Print the whole listing below exactly as given, pictures excluded.
##############################
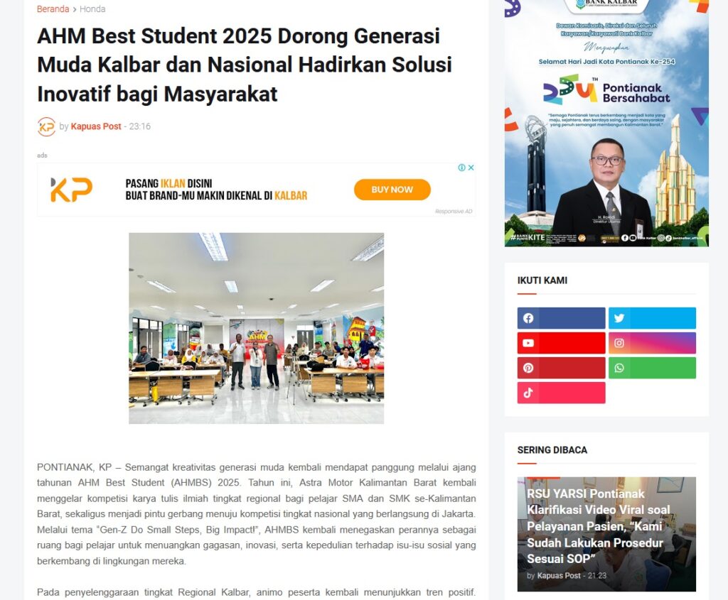 AHM Best Student 2025 Dorong Generasi Muda Kalbar dan Nasional Hadirkan Solusi Inovatif bagi Masyarakat by Muhammad Arif 6 November 2025 in Silahkan kunjungi https://www.kapuaspost.web.id/2025/11/ahm-best-student-2025-dorong-generasi.html. Tags: astra Astra Motor kalbar Astra Motor Pontianak astramotor honda kalbar pontianak sepeda motor You Might Like Regional Public Launching New ADV160 The SUV Pride Grand Launching New PCX 160 Truly Exceptional! Tetap hati-hati ya bro sist berkendara saat hujan.
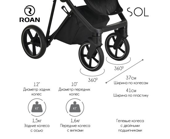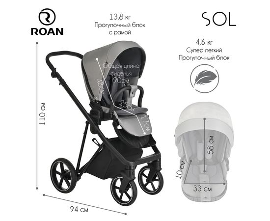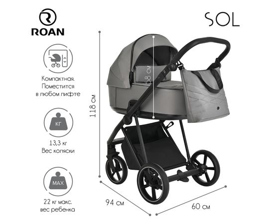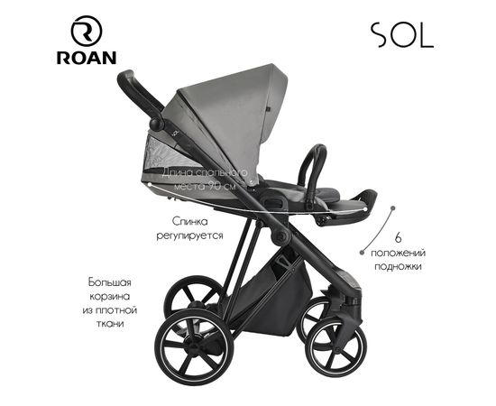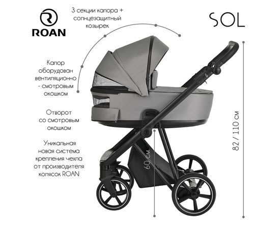 Многофункциональная модульная коляска Roan SOL– это детская коляска высокого качества в идеальном исполнении, которое заметно с первого взгляда.
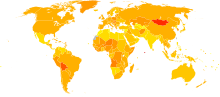 | Obesity | * | 10% | 14% women, 20% men, among non-smokers,[54] 10-20%,[6] 19-20% United States, 16-18% Great Britain, 13% Brazil, 11-12% China[55] |
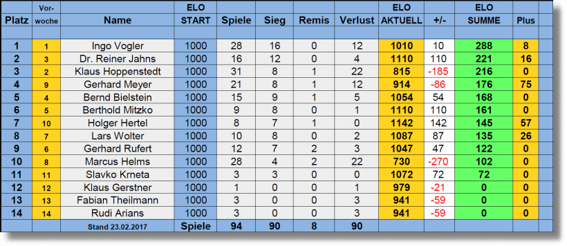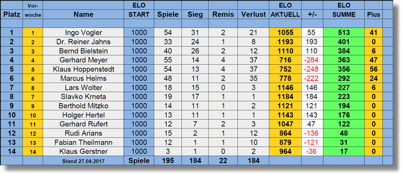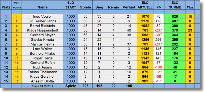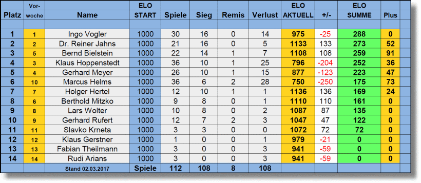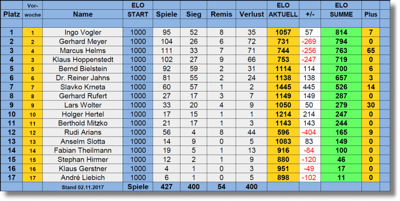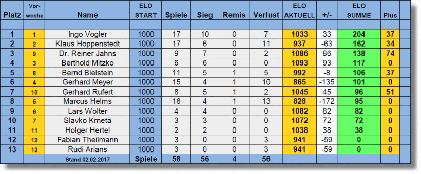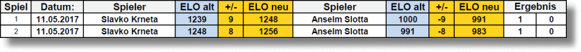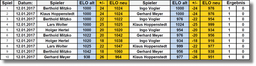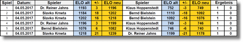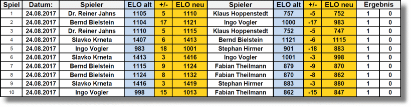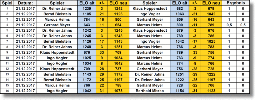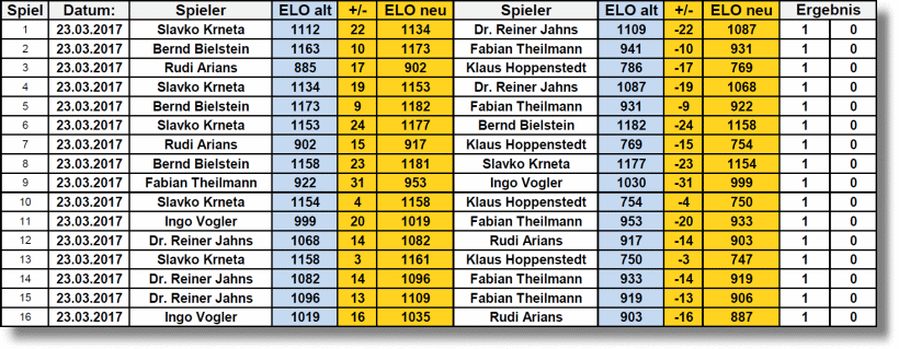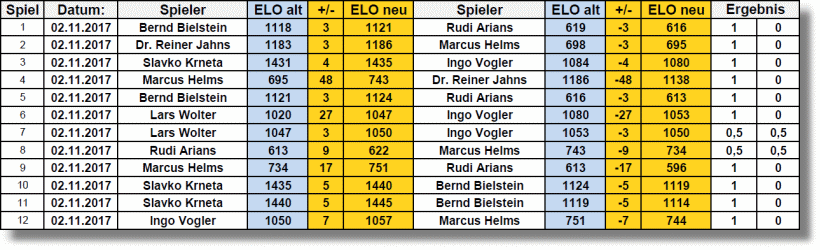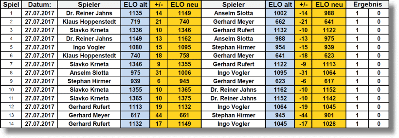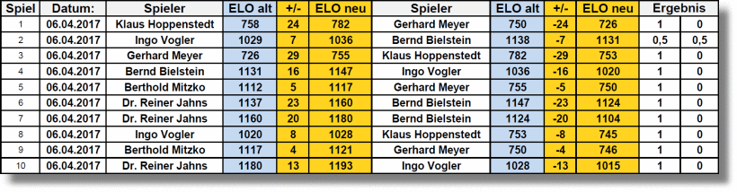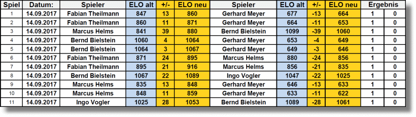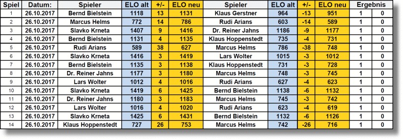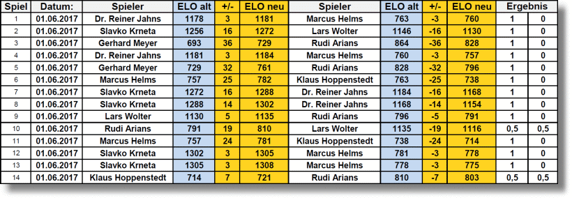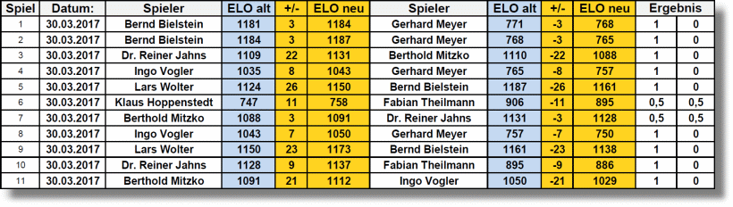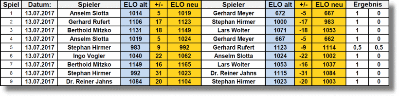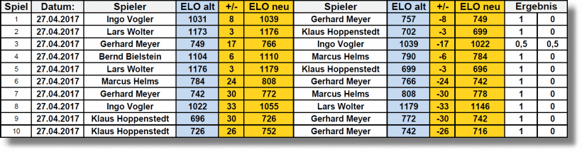 Nach dem Spiel wird jede Partie ELO (intern) ausgewertet und der evtl. Punktegewinn
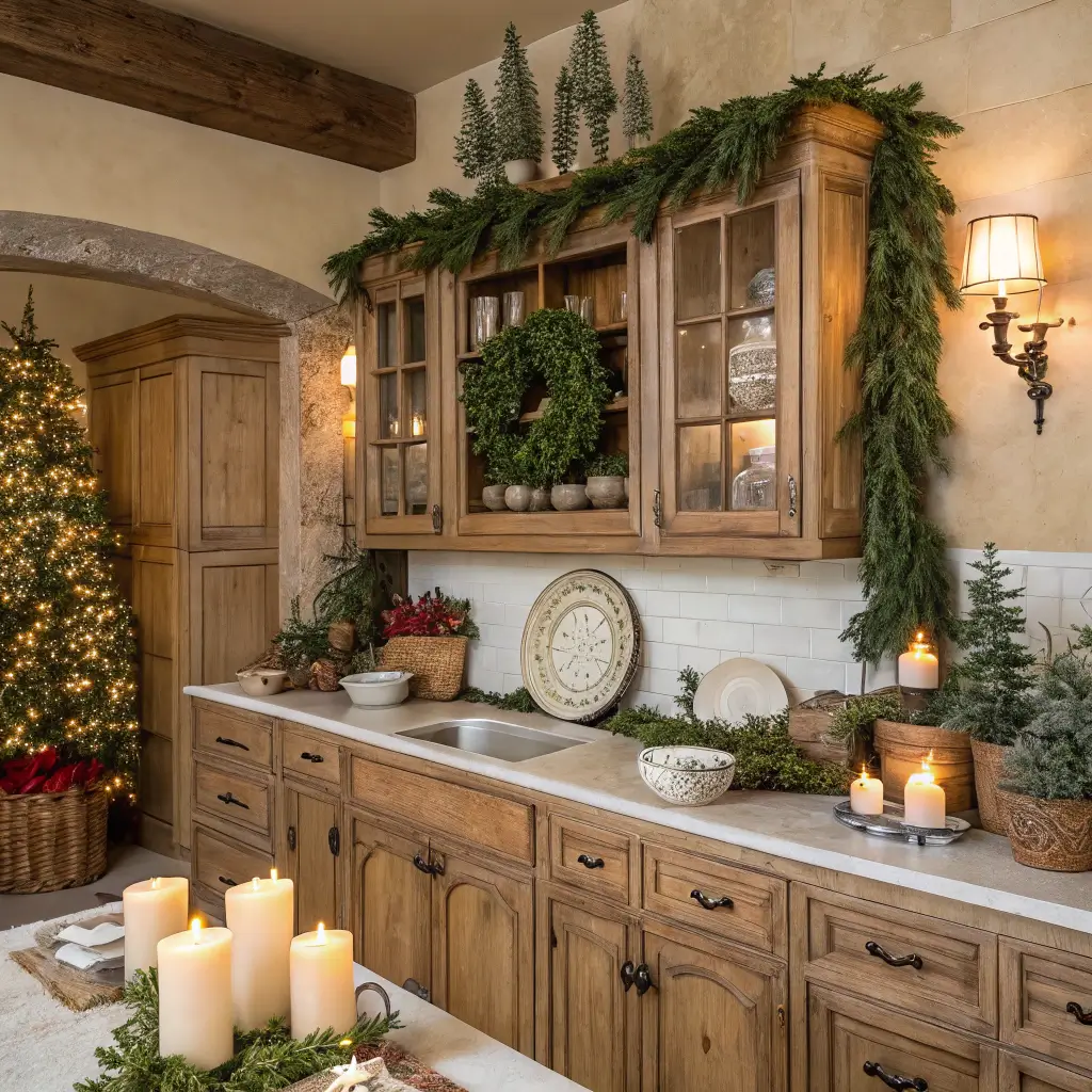 The kitchen needs love too, especially since that’s where everyone congregates anyway. French country kitchen Christmas decor keeps things functional yet festive.
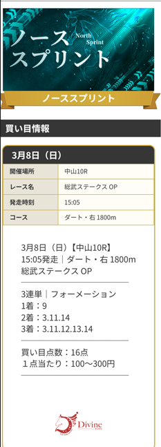 今回ディバインの予想通りに実際に馬券を買ってみましたが、さすがは多数の実績を上げているプロの情報。
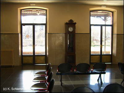 Der Bahnhof von Teruél, an dem die wenigen Züge der Strecke Valencia-Zaragoza ankommen, ist von einer Wohnzimmeratmosphäre mit Standuhr (Made in Germany!) geprägt. Der Fahrplan der „Regionales“ mit 3 Zügen nach Valencia und 3 Zügen nach Zaragoza pro Tag garantiert eine beschauliche Atmosphäre. Die Oberstadt ist vom Bahnhof aus mit einem Aufzug zu erreichen. Das Personal der RENFE war uns sehr behilflich bei der Organisation für unseren Fahrradtransport, der trotz der widrigen Umstände einwandfrei funktionierte (vielleicht hatten wir auch nur Glück).
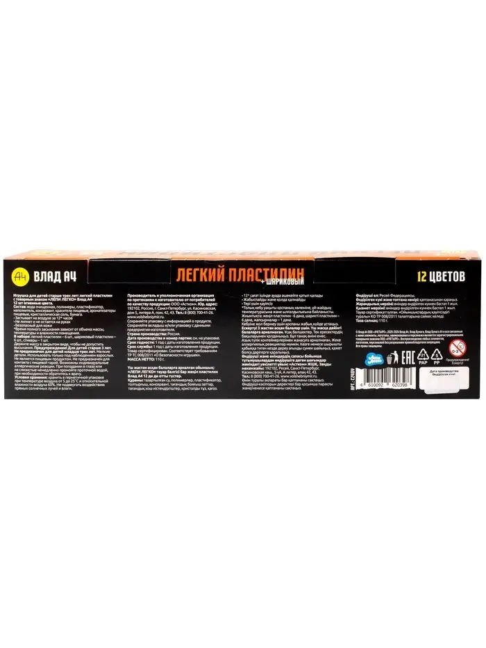Игрушка в наборе Легкий пластилин Влад А4 12 шт с шариковым пластилином огненные цвета коробка 10948
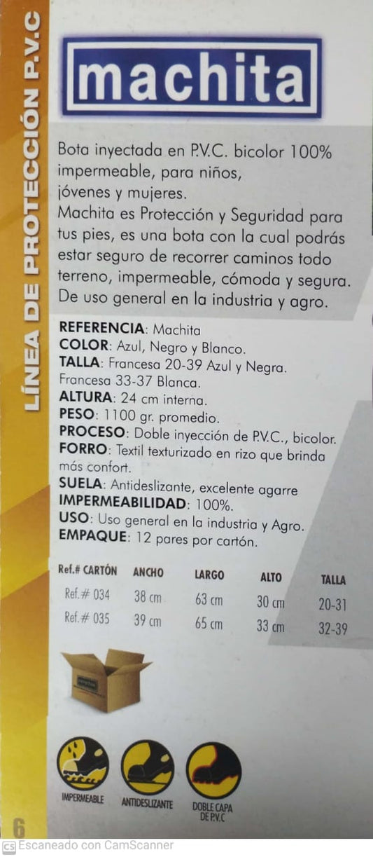 Precio habitual $46.200,00 COPPrecio habitualPrecio unitario / porPrecio de oferta $46.200,00 COPBota Industrial PVC Supermachita Blanca Mujer 5930010 Sin Puntera. PRECIO SIN IVA
##############################
## RESULT BELOW
 AHM Best Student 2025 Dorong Generasi Muda Kalbar dan Nasional Hadirkan Solusi Inovatif bagi Masyarakat by Muhammad Arif 6 November 2025 in Silahkan kunjungi https://www.kapuaspost.web.id/2025/11/ahm-best-student-2025-dorong-generasi.html. Tags: astra Astra Motor kalbar Astra Motor Pontianak astramotor honda kalbar pontianak sepeda motor You Might Like Regional Public Launching New ADV160 The SUV Pride Grand Launching New PCX 160 Truly Exceptional! Tetap hati-hati ya bro sist berkendara saat hujan.
 Многофункциональная модульная коляска Roan SOL– это детская коляска высокого качества в идеальном исполнении, которое заметно с первого взгляда.
 | Obesity | * | 10% | 14% women, 20% men, among non-smokers,[54] 10-20%,[6] 19-20% United States, 16-18% Great Britain, 13% Brazil, 11-12% China[55] |
 Nach dem Spiel wird jede Partie ELO (intern) ausgewertet und der evtl. Punktegewinn
 The kitchen needs love too, especially since that’s where everyone congregates anyway. French country kitchen Christmas decor keeps things functional yet festive.
 今回ディバインの予想通りに実際に馬券を買ってみましたが、さすがは多数の実績を上げているプロの情報。
 Der Bahnhof von Teruél, an dem die wenigen Züge der Strecke Valencia-Zaragoza ankommen, ist von einer Wohnzimmeratmosphäre mit Standuhr (Made in Germany!) geprägt. Der Fahrplan der „Regionales“ mit 3 Zügen nach Valencia und 3 Zügen nach Zaragoza pro Tag garantiert eine beschauliche Atmosphäre. Die Oberstadt ist vom Bahnhof aus mit einem Aufzug zu erreichen. Das Personal der RENFE war uns sehr behilflich bei der Organisation für unseren Fahrradtransport, der trotz der widrigen Umstände einwandfrei funktionierte (vielleicht hatten wir auch nur Glück).
Игрушка в наборе Легкий пластилин Влад А4 12 шт с шариковым пластилином огненные цвета коробка 10948
 Precio habitual $46.200,00 COPPrecio habitualPrecio unitario / porPrecio de oferta $46.200,00 COPBota Industrial PVC Supermachita Blanca Mujer 5930010 Sin Puntera. PRECIO SIN IVA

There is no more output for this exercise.